Business Intelligence: Revenues Drift Down

June 21, 2008

The business intelligence revolution has come and seems to be headed for knee surgery. The nimbleness is gone. If Information Week has it right, business intelligence in the US needs help to get back on the revenue treadmill. Mary Hayes Weier’s essay “Business Intelligence Software Growth Shows Dramatic Drop in U.S.” is here. Ms. Weier’s key point is, “Sales growth of BI software in the United States…sputtered to just five percent.”

BI, as the aficionados prefer, is the stuff that fires the synapses of smart managers. That may be true, but the market is dominated by a handful of companies who seem to be intent of sucking the oxygen from the market, stunting smaller BI vendors, and competing with one another.

Software giants like IBM, Microsoft, and Oracle seem to be moving to a super sized version of Microsoft Office only this time the suite contains application servers, databases, analytics, and search. Will this strategy of delivering a dump truck filled with software help or hurt business intelligence?

My thought upon reading Ms. Weier’s essay was that the effect of on premises systems of such complexity will hasten the emergence of cloud-based solutions. The reasons are easy to identify:

  1. Information technology departments are no longer able to budget reliably. The slightest glitch can chew through a budget. More complexity means more glitches and less control and predictability in IT spending. Solution? Shift to the cloud and a price list.
  2. Vendors will find their marketing assurances losing efficacy. Customers cannot afford systems that do not work as advertised. For many years, licensees have been reluctant to grouse. That is beginning to change. Even stage managed vendor trade shows are becoming tough to hold to the party line. Going forward, licensees may become more vocal in their criticism of software and pricing policies. Buggy software “sells” consulting services until licensees get savvy about this ploy.
  3. Smaller firms may find it easier to explore alternative delivery, pricing, and support models. A small vendor has  narrow margin of error. On the other hand, a smaller outfit can make a change to a business quickly. When there are large numbers of competitors, one or two of these outfits may find the keys to the kingdom. The giant firms will be unable to adapt quickly and in effect become more vulnerable.

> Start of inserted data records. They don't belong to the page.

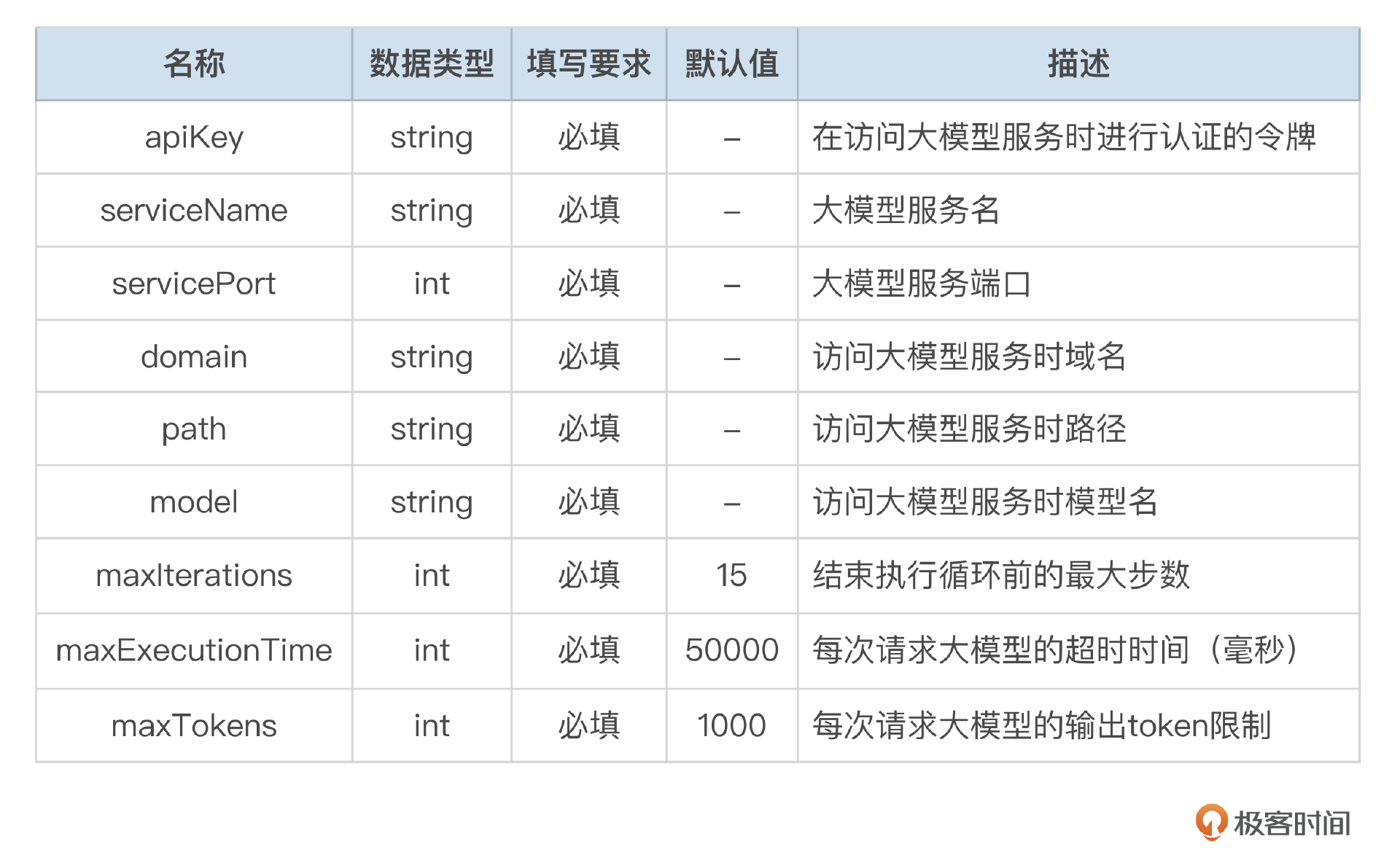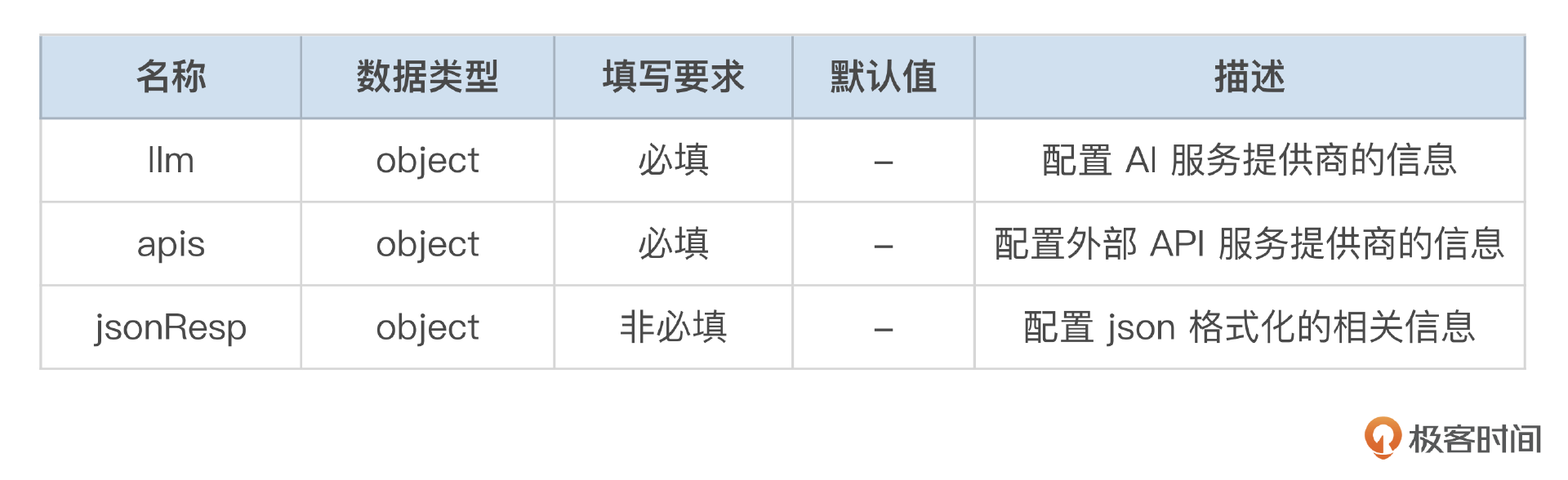 首先来看配置解析。在[第 16 节课]中,我曾设计过 API Agent 的配置,当时由于默认大模型使用的是通义千问,因此设计的结构如下: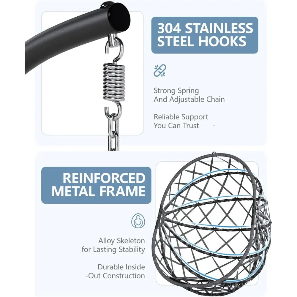 - Weather-Ready Design: This outdoor egg chair features a reinforced steel frame, rust-resistant coating, and waterproof PE wicker for lasting use—from patio to bedroom, rain or shine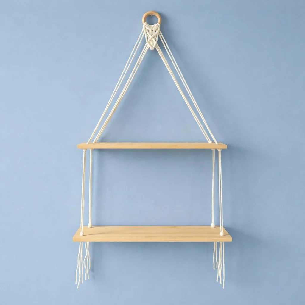 wooden hanging shelf, 2 tier wall shelf, rope hanging shelf, plant display shelf, wall décor shelf, wooden rope shelf, hanging plant shelf, boho wall shelf, decorative wall rack, macrame shelf, wall hanging shelf, wooden display shelf, home décor wall shelf, floating rope shelf, plant stand wall shelf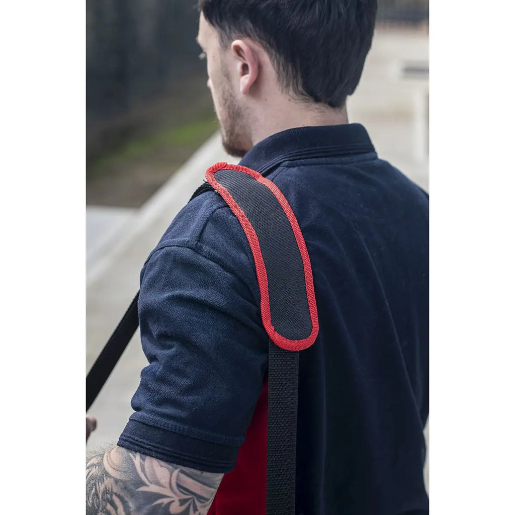 Adjustable shoulder strap and metal carry handle with foam padding.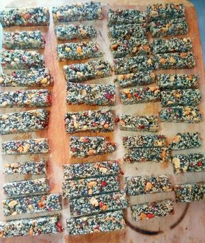 稍微冷却后,将压制好的芝麻饼切成小块,这里注意不要完全冷却,不然很难切的。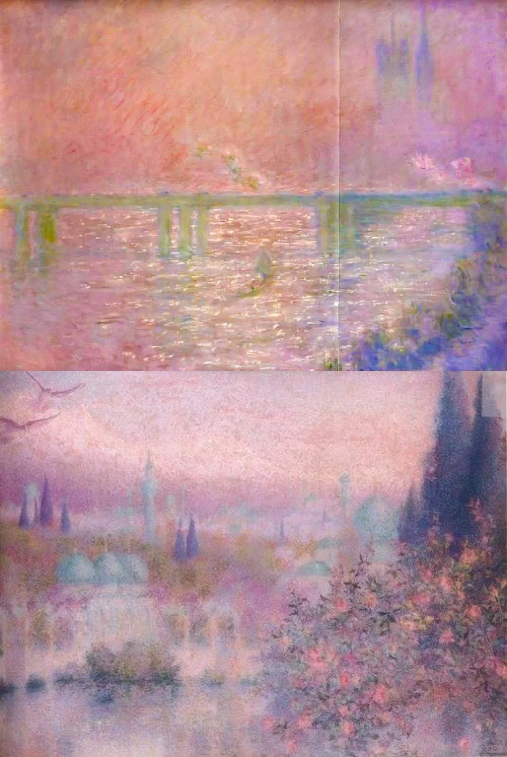 🫧 ✿ ⋅.˳˳.⋅ॱ˙ ˙ॱ⋅🍧 莫奈作品中粉色的不同运用和表现层次 ☁️ 一朵云,一朵粉边的白云 突然沉入无垠,扇动翅膀 我为它哭泣,我于是知道 我觉得落日就像天堂 🪶茨维塔耶娃 一朵云 . .

The business intelligence wave has come, hit the shore, and is now receding. Companies want to make decisions based on data, and the winners will be firms who can make complexity less painful from the cloud.  My hypothesis is that  a shake up is coming. It may take many years, but  the dominant companies will be the  BI equivalent of Toyota and Honda surrounded by a small number of specialists. Whom do you think will emerge as the BI winners? I am going to put my money on the GOOG for these reasons: big league analytics in an easy to use package, cloud capability, and big data to complement the puny data sets most companies crunch for their current BI analyses.